Book name- LIGHT AND THREAD
Author- Han Kang
Published by- Hamish Hamilton, Price- Rs 799
The book opens with Han Kang’s 2024 Nobel lecture, “Light and Thread”, the kernel around which this eponymous, luminous volume is strung. In it, Kang asks questions that stitch themselves into the reader’s mind: “Why is the world so violent and painful? And yet how can the world be this called human?”
The questions posed are at once a philosophical pinprick and a golden filament, conjuring a juxtaposition of paradoxes painted in shades of grief and wonder, absence and presence, disenchantment and delight.
Kang’s vignettes of rumination on whether the living can “save the dead” or the “present help the past” are perhaps coloured by a distinctly Derridean idiom, gesturing toward what Jacques Derrida termed “hauntology”. It is coded into the very fabric of the present, constantly interpolated into the living moment, always already in the process of self-effacement, albeit riddled with the imprints of what once was.
What follows is a body of work that grows on the readers with its incorrigible plurality. The essays constitute the most conceptually expansive dimension of the book while the poems that follow adopt a more elliptical mode and are enveloped in an uncanny affect, reminiscent of the Freudian unheimlich. As Kang puts it, “When I write, I use my body. I use all the sensory details of seeing, of listening, of smelling, of tasting... I try to infuse those vivid descriptions that I feel as a mortal being with blood coursing through her body into my sentences.” The proliferation of personal reflections peppered with poetry, photographs and diary entries is almost epistolary in form with an undertone of stream-of-consciousness interiority. Running over 160 pages, the writing style is distinctly limpid and engaging, reflecting Kang’s signature literary sensibility and finesse. The pages slip through the fingers. They are, at once, ekphrastic and, at times, delightfully disparate, pre-empting any temptation to settle into the comfort of certainty. They leave the reader perpetually hoodwinked by their subtle sleights of perception entrenched in inebriated perambulation. The words appear dipped in muted grief and smouldering outrage, strung together with the thread of contemplation and put up to dry against the light of consciousness.

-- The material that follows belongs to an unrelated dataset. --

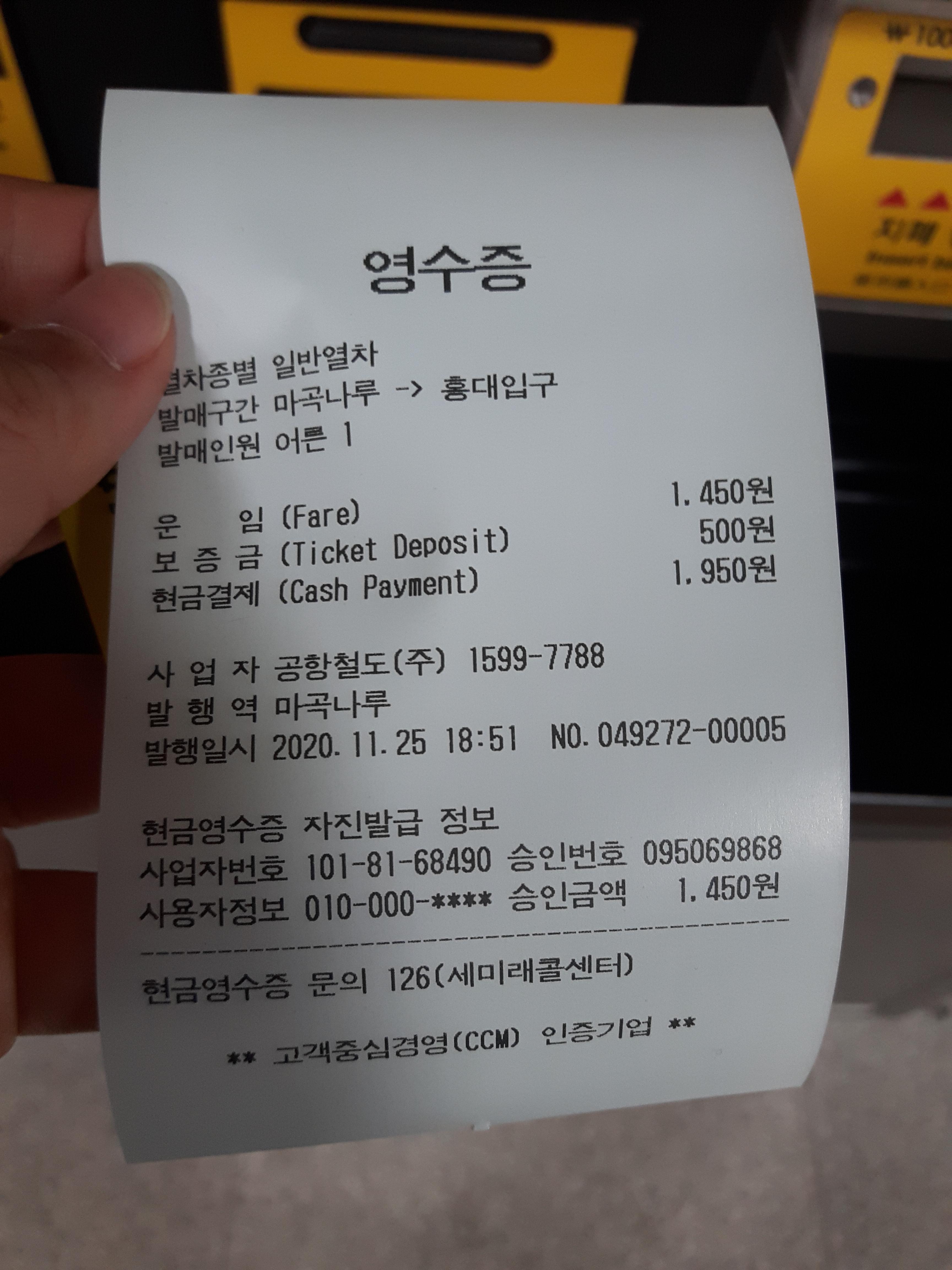 마곡나루에서 홍대입구까지 기본료 1450원에 카드 보증금 500원 추가(카드 반납하면 돌려줌)해서 1950원들었네요.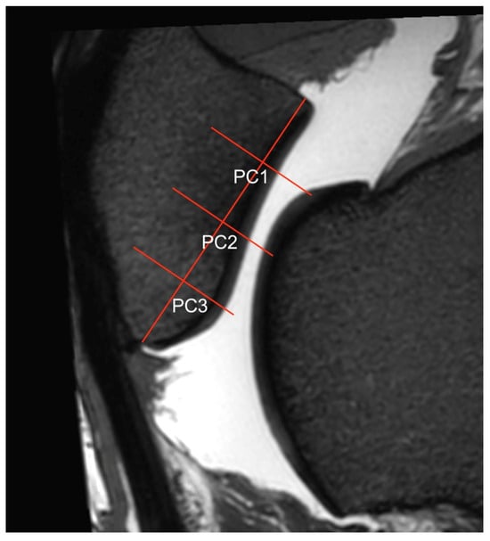 Sagittal view of the central ridge of the patella in a 3D T2w VIEW sequence where the regions of interest (ROIs) PC1, PC2, PC3) were measured. To determine the ROIs of the patellar cartilage, the same sagittal orientations were used as for the trochlea (Figure 1). In the transverse view, the dorsal plane was adjusted to be parallel to the patellar joint surface at the specific ROIs. This was readjusted for the ridge and each groove of the patella to account for the different orientations of the joint surfaces. In each sagittal view (grooves and ridge), the articular surface of the patella was divided into quarters, resulting in three ROIs per slice.

The precarity of existence is foregrounded in the snippets of diary entries penned with utmost candour. They ooze with a melancholic punctum that lances the reader’s apprehension vis-à-vis the chiaroscuro of lived experience. An air of malaise is dominant in the structuring of sentences and the placement of words. But the lilting lyricality does not belie the jarring rawness beneath.
Kang situates the particularities of South Korean history within the larger currents of world literature. She candidly reflects on the influences shaping her writing process, cursorily tracing how Human Acts, Greek Lessons and The Vegetarian map onto intimate landscapes of vulnerability and endurance; the stories — (re)turning, looping, circling, sometimes stuttering between private consciousness and the public horrors of history — refract the broader sweeping arc of atrocity, most searingly of the egregious Gwangju Uprising. At a time when most writers shy away from addressing the political rhetoric of the past and deliberately distance themselves from incendiary events, Kang chose to pivot from a “radiant, life-affirming novel” she had been working on and, instead, wrote Human Acts, a novel that boldly confronts historical trauma and the human cost of political violence head-on.
In the final section, “North-Facing Garden”, the book finds its apogee. Amid myriad green maple, viburnum, magnolia and a host of other plants, Kang’s careful tending creates a world sans artifice, where sound, scent and sight coalesce, giving rise to an embodied poetics, wherein life flourishes and perhaps finds its fullest expression in stillness. Kang writes, “I never really knew what sunlight was, before I had this garden.” The descriptions are so vividly rendered that the rustle of leaves seems to breathe through the pages per se. Sensory verisimilitude and somatic mimesis are thus conjured up in their truest forms.
The translation of Light and Thread by e. yaewon, Paige Aniyah Morris and Mary West merits special recognition, for it squarely brings the work’s essence to light.
The book closes with a heartbeat in the Epilogue, proffering, “Where is love? It is inside my thump-thumping beating chest. What is love? It is the gold thread connecting between our hearts.” In these final lines, Kang moulds love into a leitmotif, stitching up all ends into a fair resolution, albeit underpinned by a sense of confessional denouement. Apropos of this culmination, in her work, love teeters on a defamiliarised precipice, where signifier and signified collide only to splinter, leaving meaning suspended in the void. Open this book to step into a room of one’s own and follow the ‘gold thread’ into a mind where words stitch the wounds of the world.